▶ **Exercise prompt**:
Nothing outside the lines below from the one containing "Замок гальмівного диска" through the one containing "Ответственный выпускающий редактор" is to be printed; print those exactly, ends included, and drop the pictures.

▶ **Data extract**:

---+---

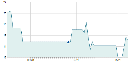 | 05/05/2022 | -2,40 / -9,92% | 21,80 | 26,60 | 21,80 | 21,80 | 22,62 | 7,27 | 600 |   |
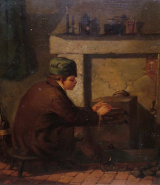 Portrait of a boy warming his hands by a fireplace
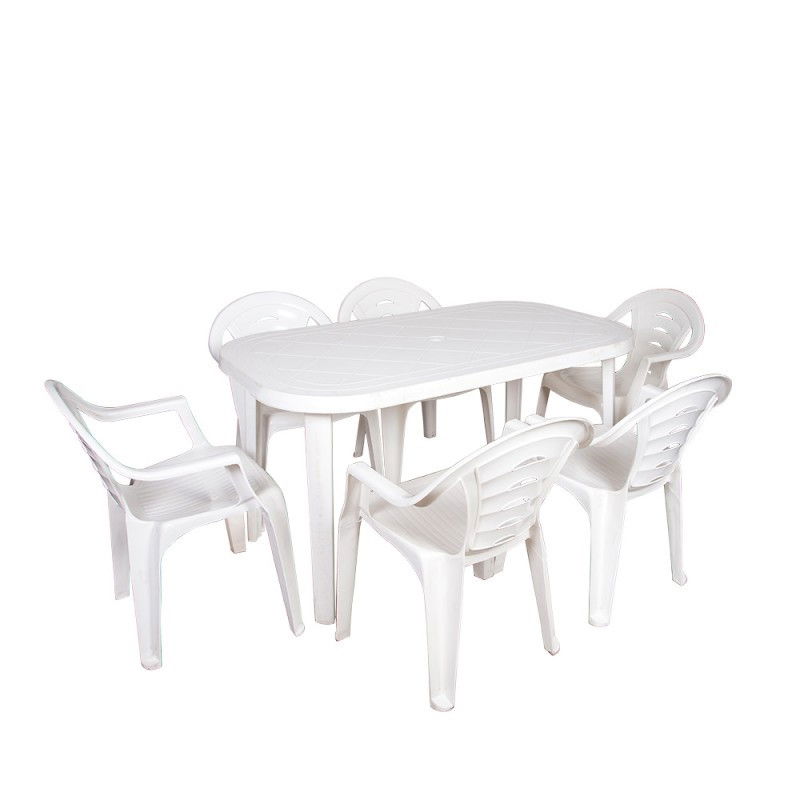 Műanyag asztal + 6 db szék (bordó)
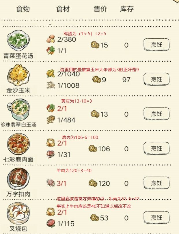 (羊肉甲鱼汤绝对性价比之王,蟹黄豆腐是因为可以消耗过剩的大豆,叉烧包可以消耗过剩的牛肉,万字扣肉因为材料太抢手,前期赚钱之王就没落了)
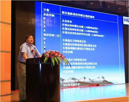 中華醫(yī)學(xué)會(huì)眼科學(xué)分會(huì)前任主任委員、中國醫(yī)師協(xié)會(huì)眼科醫(yī)師分會(huì)會(huì)長趙堪興教授在大會(huì)上做了關(guān)于“兒童常見斜視手術(shù)時(shí)機(jī)”的主題演講。趙教授認(rèn)為,兒童常見斜視主要有三類:內(nèi)斜視(ET)、外斜視(XT)、上斜肌麻痹(SOP)。在演講中,他和同仁分享了臨床了幾例疑難斜視病例的診斷過程、手術(shù)方案以及治療效果,并闡述兒童斜視早期干預(yù)是基于視覺發(fā)育規(guī)律決定的,具有豐富內(nèi)涵不只是盡早手術(shù)。先天性內(nèi)斜視破壞雙眼視覺發(fā)育,需2歲前完成,以爭(zhēng)取粗的立體視;間歇性外斜視宜在控制力明顯下降時(shí)手術(shù),術(shù)前應(yīng)能夠較準(zhǔn)確檢查斜視角以減少破壞雙眼視的風(fēng)險(xiǎn),3歲以前手術(shù)需慎重;先天性上斜肌麻痹需早期手術(shù)以保護(hù)雙眼視力,減少面部與脊柱發(fā)育畸形。
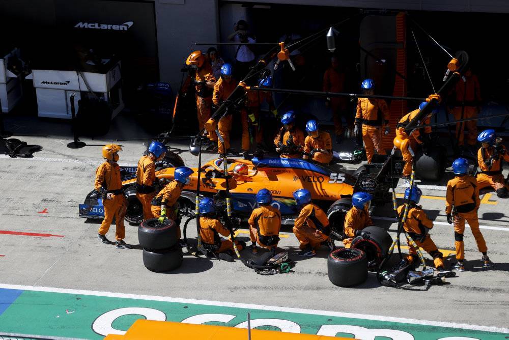 - El cambio de gomas extra le ha dejado noveno a falta de 20 vueltas para el final. Sin embargo, el piloto de McLaren ha remontado hasta la quinta plaza e incluso ha peleado por el podio en las vueltas finales, con una lucha rueda a rueda con su compañero Lando Norris, que también le ha propiciado un leve calentamiento de motor. Carlos ha tenido que refrigerar la mecánica y cruzar la línea de meta quinto, en un día muy positivo para el equipo McLaren.
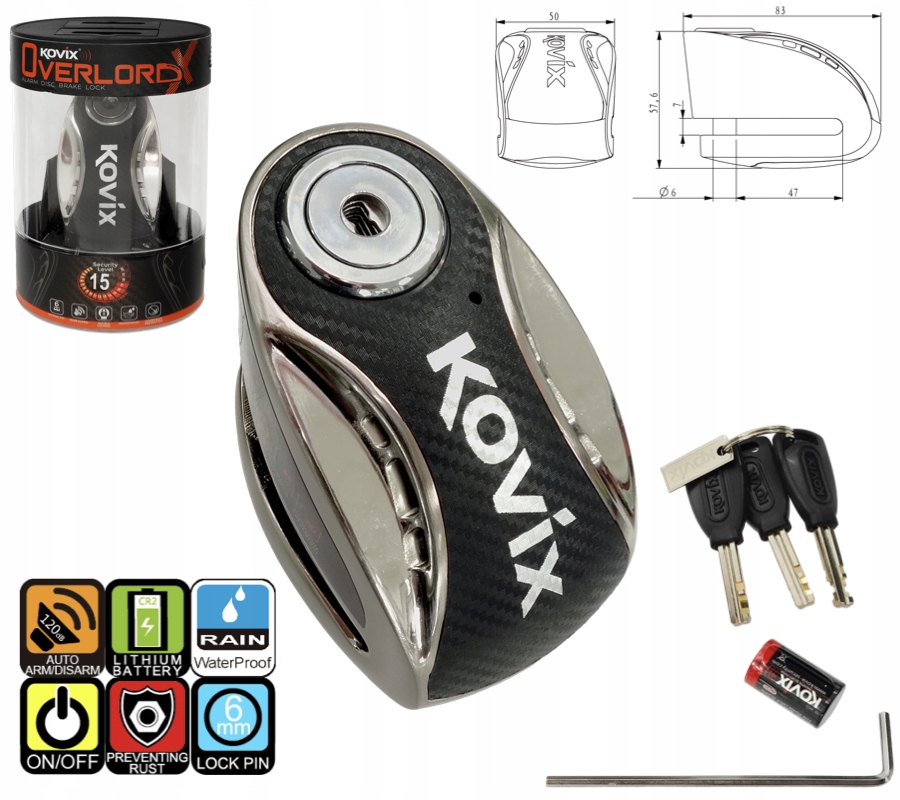 Замок гальмівного диска Kovix KNX6 із дуже гучним сигналом 120 дБ, один із найкращих замків на ринку.
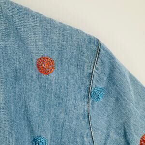 Vintage C.M.C. chambray denim shirt with playful multicolor embroidered dots in red and teal. Features short sleeves, button front, and a relaxed boxy fit. Timeless casual piece that pairs perfectly with jeans, shorts, or layered over a tee. Size Medium. In good pre-owned condition with light normal wear. Great addition for a retro, cottagecore, or casual vintage-inspired wardrobe.
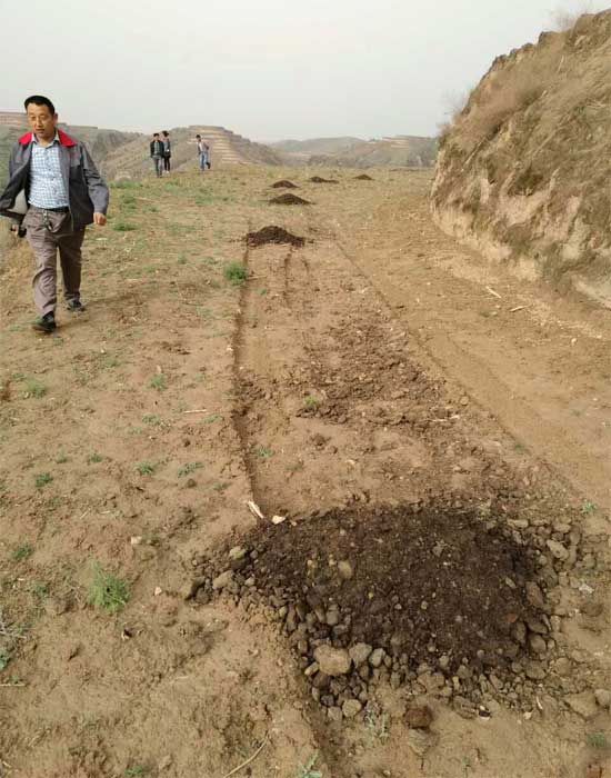 山花爛漫公司小雜糧種植基地負(fù)責(zé)人賀志平、賀利明在基地實地指導(dǎo)農(nóng)民施用農(nóng)家肥
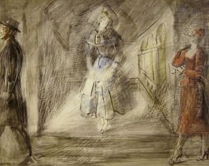 Young Women Walking On A Crowded Street: A Double-sideddrawing
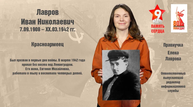 Ответственный выпускающий редактор информационной службы «МИР 24» Елена Лаврова: «Прабабушка всю жизнь ждала прадеда, который пропал без вести, и ходила встречать поезда»
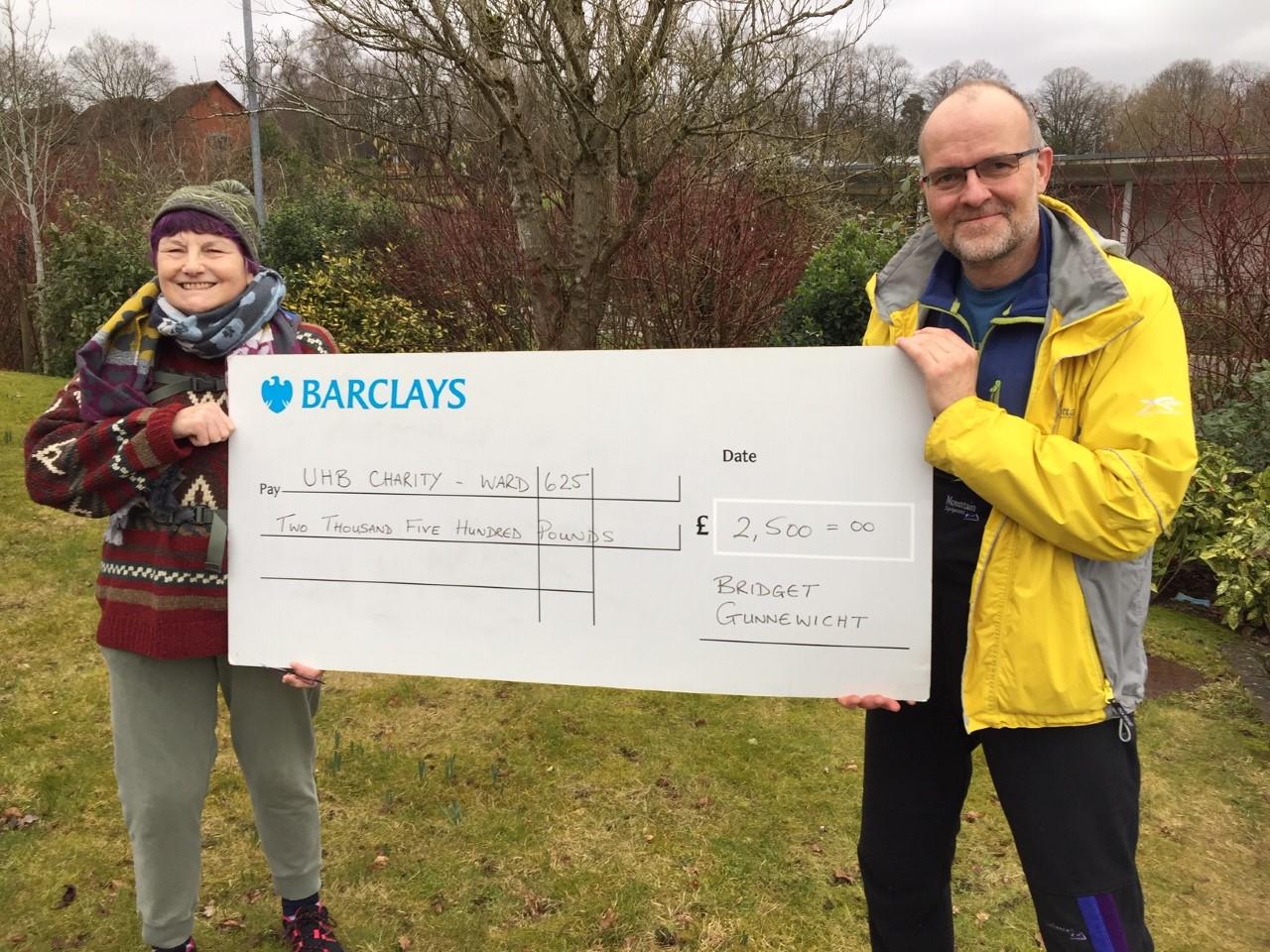 Bridget decided she wanted to give back to Ward 625 at QEHB after the wonderful care she received. As walking is one of Bridget’s favourite pastimes, she decided to take on the Country Walking Magazine challenge to walk 1,000 miles in a year. Bridget’s medical team encouraged her passion for walking to help with some of the symptoms, whilst her partner, Martin, always encouraged her to get her boots on and get out the door.

---+---

▶ **Response to this exercise**:
 Замок гальмівного диска Kovix KNX6 із дуже гучним сигналом 120 дБ, один із найкращих замків на ринку.
 Vintage C.M.C. chambray denim shirt with playful multicolor embroidered dots in red and teal. Features short sleeves, button front, and a relaxed boxy fit. Timeless casual piece that pairs perfectly with jeans, shorts, or layered over a tee. Size Medium. In good pre-owned condition with light normal wear. Great addition for a retro, cottagecore, or casual vintage-inspired wardrobe.
 山花爛漫公司小雜糧種植基地負(fù)責(zé)人賀志平、賀利明在基地實地指導(dǎo)農(nóng)民施用農(nóng)家肥
 Young Women Walking On A Crowded Street: A Double-sideddrawing
 Ответственный выпускающий редактор информационной службы «МИР 24» Елена Лаврова: «Прабабушка всю жизнь ждала прадеда, который пропал без вести, и ходила встречать поезда»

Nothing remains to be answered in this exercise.